= Dark Fantasy (series) =

American radio supernatural thriller anthology series

Dark Fantasy was an American radio supernatural thriller anthology series. It had a short run of 31 episodes, debuting on November 14, 1941, and ending on June 19, 1942. Its writer was Scott Bishop, also known for his work on The Mysterious Traveler. It originated from station WKY in Oklahoma City and was heard Friday nights on NBC stations.
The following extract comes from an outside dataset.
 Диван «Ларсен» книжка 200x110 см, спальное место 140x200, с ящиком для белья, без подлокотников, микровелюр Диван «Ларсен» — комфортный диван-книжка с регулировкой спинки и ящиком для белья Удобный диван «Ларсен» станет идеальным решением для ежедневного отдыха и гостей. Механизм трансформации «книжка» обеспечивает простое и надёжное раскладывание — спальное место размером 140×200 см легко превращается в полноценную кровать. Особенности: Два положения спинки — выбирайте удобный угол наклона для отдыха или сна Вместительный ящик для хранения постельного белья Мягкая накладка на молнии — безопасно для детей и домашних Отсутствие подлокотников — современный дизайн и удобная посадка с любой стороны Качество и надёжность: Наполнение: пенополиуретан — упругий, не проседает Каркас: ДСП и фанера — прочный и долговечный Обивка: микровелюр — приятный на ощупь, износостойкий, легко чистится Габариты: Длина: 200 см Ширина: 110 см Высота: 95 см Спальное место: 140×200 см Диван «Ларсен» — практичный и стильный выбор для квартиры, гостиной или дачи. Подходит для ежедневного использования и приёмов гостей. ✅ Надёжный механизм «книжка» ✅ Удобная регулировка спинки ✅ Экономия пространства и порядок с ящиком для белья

The stories found a nationwide audience almost immediately.

==Episodes==

Table of episodes of the Dark Fantasy radio series
| No. overall | No. in season | Title | Original release date |
| 1 | 1 | "The Man Who Came Back" | November 14, 1941 |
Blake is murdered by his wife's lover, and comes back from the grave to avenge his death by haunting him after he gets away with a self-defence argument in court.
| 2 | 2 | "Soul of Shan Hai Huan" | November 21, 1941 |
This episode is unavailable, so no true summary exists, but a teaser for this episode promised: The episode concerns the tombs of ancient China.
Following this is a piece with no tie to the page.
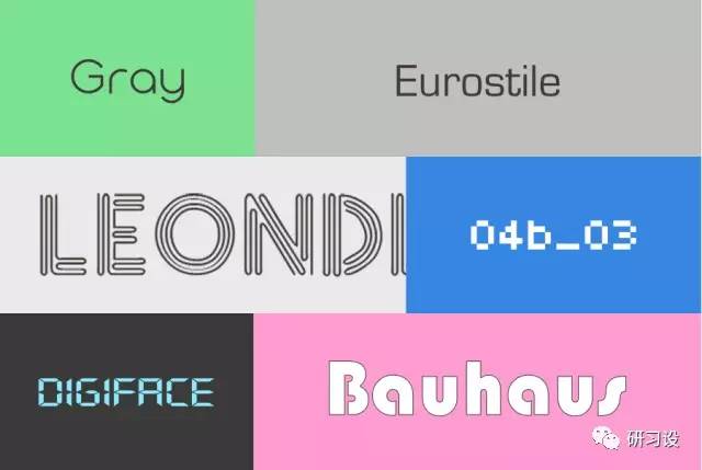 西文相对于中文来说,笔画更加简单,我们选用几何造型强烈的展示性字体同样能够表现出未来与先进的印象。这里需要注意的是,文字的造型越倾向于图形化,辨识度也就会随之降低。所以在使用这类字体时需要格外谨慎,它仅适用于标题或版面中的主形象等场景。

| 3 | 3 | "The Thing from the Sea" | November 28, 1941 |
A newspaper reports on cinema star Philip Haywood vanishing from his private yacht, and set about explaining the events which also lead to his wife and father also disappearing.
| 4 | 4 | "The Demon Tree" | December 5, 1941 |
A party of three people set about exploring a beautiful forest, which is rumoured to have an ancient oak that is believed to have strangled anybody who enters.
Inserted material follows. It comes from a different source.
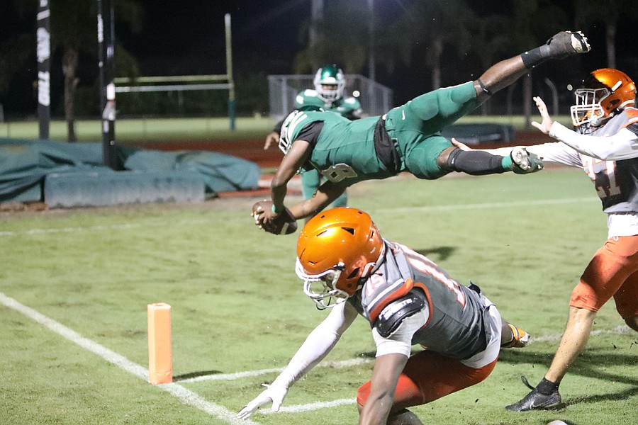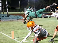 FPC quarterback La'Darius Simmons dives over University's Aden Andrews into the end zone to score the Bulldogs' first touchdown in a 38-7 victory on Sept. 26. Photo by Brent Woronoff

| 5 | 5 | "Men Call Me Mad" | December 19, 1941 |
Scientist Charles Terhune discovers another world hidden inside a moonbeam, and devises a way to visit the world where he discovers his love, Emma, and a strange plague that is killing the people.
| 6 | 6 | "The House of Bread" | December 26, 1941 |
Scott Bishop tells the story of a dream in which he is talking to an old man known as Word, who tells Scott he must seek out of the House of Bread.
| 7 | 7 | "Resolution 1841" | January 2, 1942 |
Laura Cabot shares her story of New Year's Eve where she braves snow and wind with friends to attend a party being held by friends, and discovers in attendance an acquaintance from one hundred years prior.
| 8 | 8 | "The Curse of the Neanderthal" | January 9, 1942 |
Artist Amanda Loveland takes a trip to Nanaw Canyon, where she is blocked in by a landslide. Still stuck as night approaches, she is guided out by the figure of her sister Grace.
| 9 | 9 | "Debt from the Past" | January 16, 1942 |
In 1942, Mary Billings is desperate for work, and heads for a job interview as a stenographer. She discovers that the building takes her back in time, to 1912.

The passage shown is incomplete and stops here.